The baby and I read a trippy “opposites primer” version of Sense & Sensibility beside the window in the room above the garage. Afterwards I join a conversation on Gene Youngblood. Listen in, that is — and read along. Erik Davis leads the way through “Part Three: Toward Cosmic Consciousness” from Youngblood’s classic “post-McLuhan philosophical probe,” Expanded Cinema. Youngblood begins Part Three with a reference to Louis Pauwels and Jacques Bergier’s French mindbender The Morning of the Magicians. Mind of the observer transformed by science, he says, “We move now in sidereal time” (135). Meaning what, exactly? Time measured according to the stars rather than the sun?
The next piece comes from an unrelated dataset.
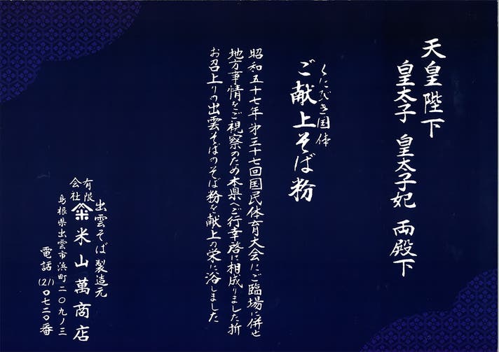 - 高級出雲蕎麦として天皇陛下にそば粉献上の実績有り。

Youngblood replies with a quote from John Cage: “A measurement measures measuring means.” Time to venture into invisible worlds — the worlds of the electronic nervous system. Consciousness, omni-operative, pervades every atom, every molecule, right down to the quanta. Youngblood strikes me as a bit of an accelerationist. Worlds evolve, he suggests, rendering other worlds obsolete. Authors seed and cede ground to star children, human/plant/machine hybrids moved by a marriage of reason and intuition. In place of obsolescence I prefer cosmologies that support shared ongoing being.